Thirty-seven patients were included in this randomized, double-blind, placebo-controlled trial. They were randomly assigned by a randomization list in a 1:1 fashion to the treatment (n = 19) or the placebo group (n = 18). One patient in the cerivastatin group did not complete the study (withdrawal of consent). Another patient in the treatment group took the medication for 20 days instead of 14 days and was, therefore, excluded from per protocol analysis. Thus, 17 patients in the cerivastatin group and 18 patients in the placebo group entered statistical analysis. The baseline characteristics of these patients were not different between the treatment and placebo group, except for differences in body weight (Table 1). In addition to the abovementioned study population, 19 healthy subjects (age 51 ± 6 years), all nonsmokers with normal total cholesterol levels (189 ± 31 mg/dl), LDL cholesterol levels (95 ± 24 mg/dl), blood pressure and fasting blood glucose, were examined at baseline and served as a control group to the baseline examination of the patients with hypercholesterolemia.

Assessment of forearm blood flow.   Forearm blood flow (FBF) and responses to different vasoactive drugs were assessed by forearm plethysmography. Studies were performed in the morning at the same time in an undisturbed temperature-controlled environment (22 to 24°C). An intra-arterial catheter (20 G, 8 cm, Vygon, France) was inserted into the brachial artery of the nondominant arm using Seldinger’s technique. After cannulation, subjects rested for 60 min before the study was started. Subjects lay supine with their left forearm supported above the level of the right atrium. Forearm vascular responsiveness to vasoactive agents was assessed by strain gauge venous-occlusion plethysmography (EC 5R Plethysmograph, Hokanson, Bellevue, Washington). Drugs were infused intra-arterially at the rate of 1.5 ml/min using syringe pumps. The following substances were administered (each dose was infused intra-arterially for 4 min): 1) acetylcholine (ACh) to assess endothelium-dependent vasodilation at sequential doses of 12 and 48 µg/min; 2) sodium-nitroprusside to test endothelium-independent vascular relaxation (3.2 and 12.8 µg/min); and 3) simultaneous infusion of N(G) monomethyl-L-arginine (L-NMMA) (4 µmol/min) and ACh (12 and 48 µg/min) to test whether any improvement in endothelium-dependent vasodilatation can be blocked by this NO synthase inhibitor. Before each intervention, saline was infused for 15 min to let the FBF return to resting levels. The left hand was excluded from the circulation by the inflation of a wrist cuff to 220 mm Hg during each measurement period. The upper arm cuff was inflated to 40 mm Hg by a rapid cuff inflator (E20, Hokanson, Bellevue, Washington) to occlude venous outflow during each measurement. Output from the strain gauges was displayed on a monitor in real-time. A software program coordinated the acquisition, storage and display of data as well as inflation and deflation of the arm cuffs. Forearm blood flow was obtained from an average of measurements recorded for 9 s of every 15 s during the final 2 min of each infusion period.

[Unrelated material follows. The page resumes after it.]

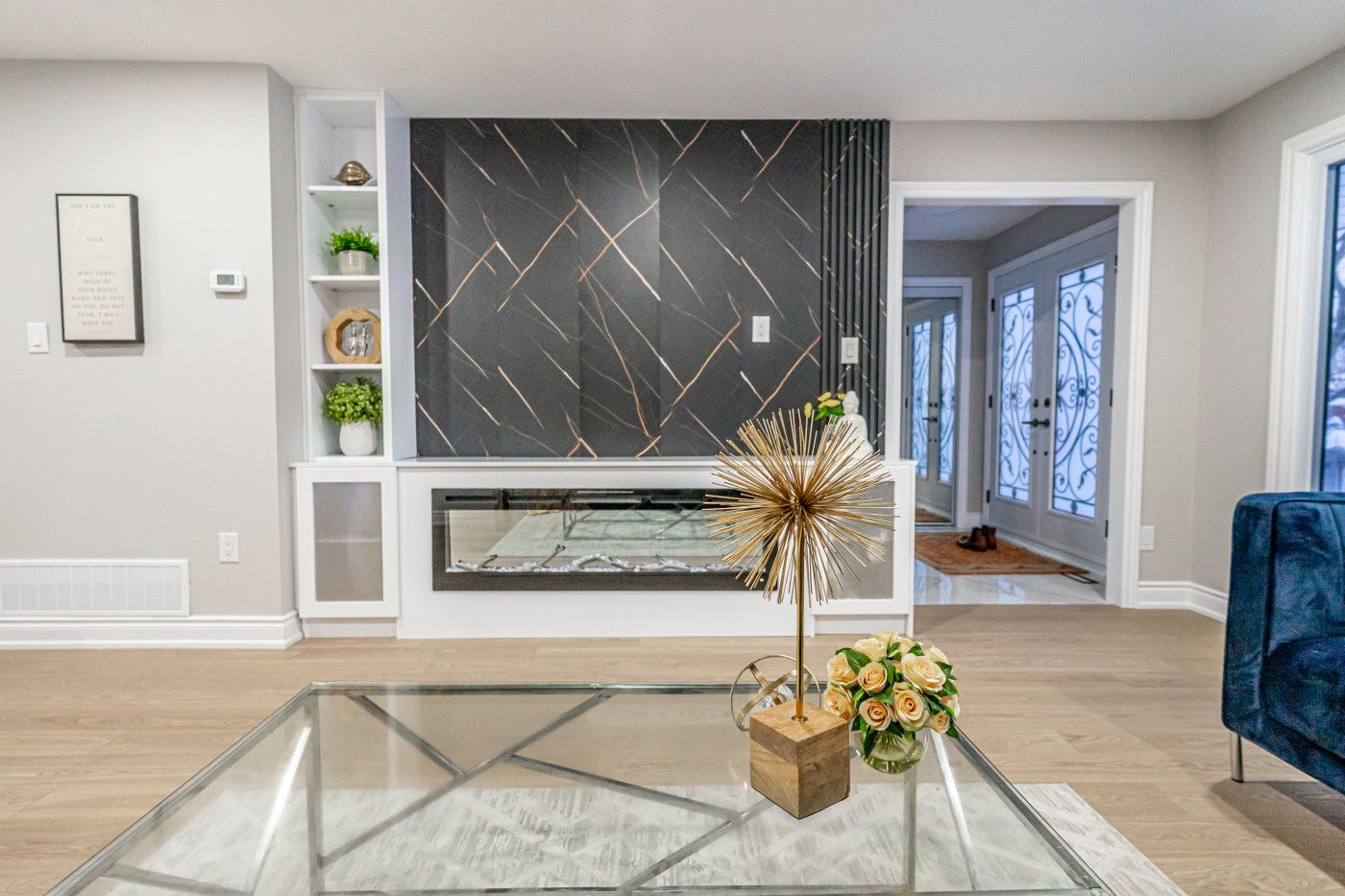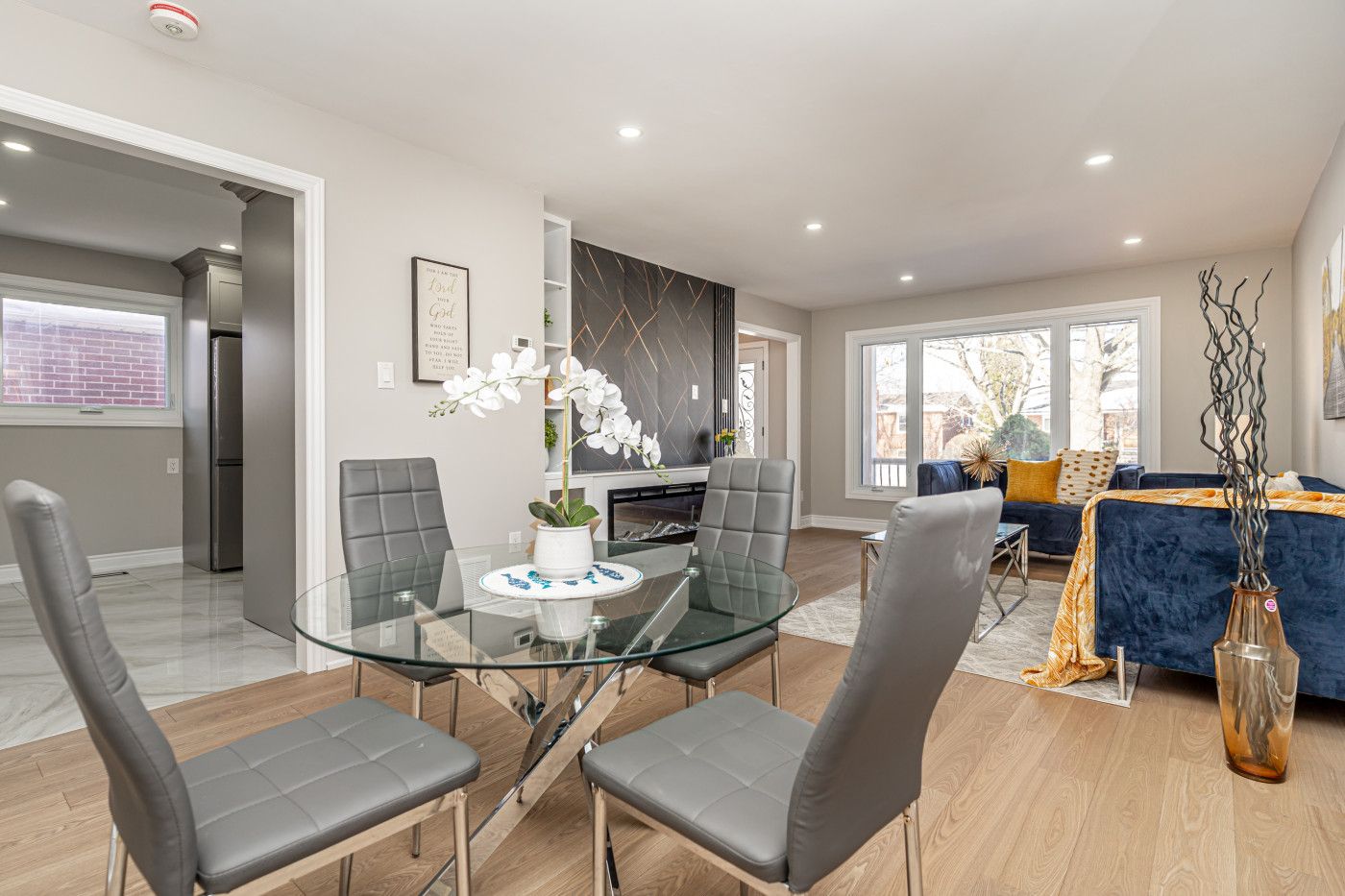 • Bright living/dining area with a modern fireplace and in-built wall unit.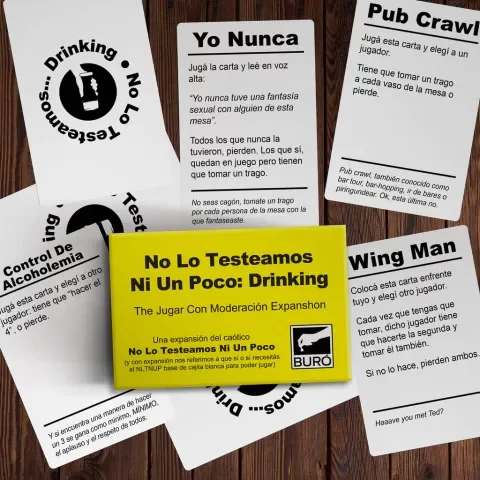 Eventualmente iba a pasar: Una expansión que convierte tu No Lo Testeamos en un Drinking Game. Puede usarse con cualquier tipo de bebida (con y sin alcohol).

Measurement of biochemical parameters.   Lipoprotein(a) was determined from serum by an immunonephelometric method (Dade-Behring, Liederbach, Germany). Thrombomodulin was determined from EDTA-plasma by ELISA (Pharmacia, Freiburg, Germany); tissue-type Plasmingen activator (t-PA) and von Willebrand factor antigen were determined from citrate plasma by ELISA (Roche, Imtec, Mannheim, Germany). The inhibitory effect of plasminogen activator inhibitor type 1 (PAI-1) on t-PA was measured by the reduction of cleavage of a chromogenic substrate by t-PA (Dade-Behring, Liederbach, Germany). Serum homocystein was determined by high performance liquid chromatography.

Treatment.   After the baseline evaluation, patients were randomly assigned to one of two treatments: cerivastatin 0.4 mg or placebo once daily in the evening. Both substances were identical in appearance. Patients and treating physicians were blinded with regard to the chosen therapy.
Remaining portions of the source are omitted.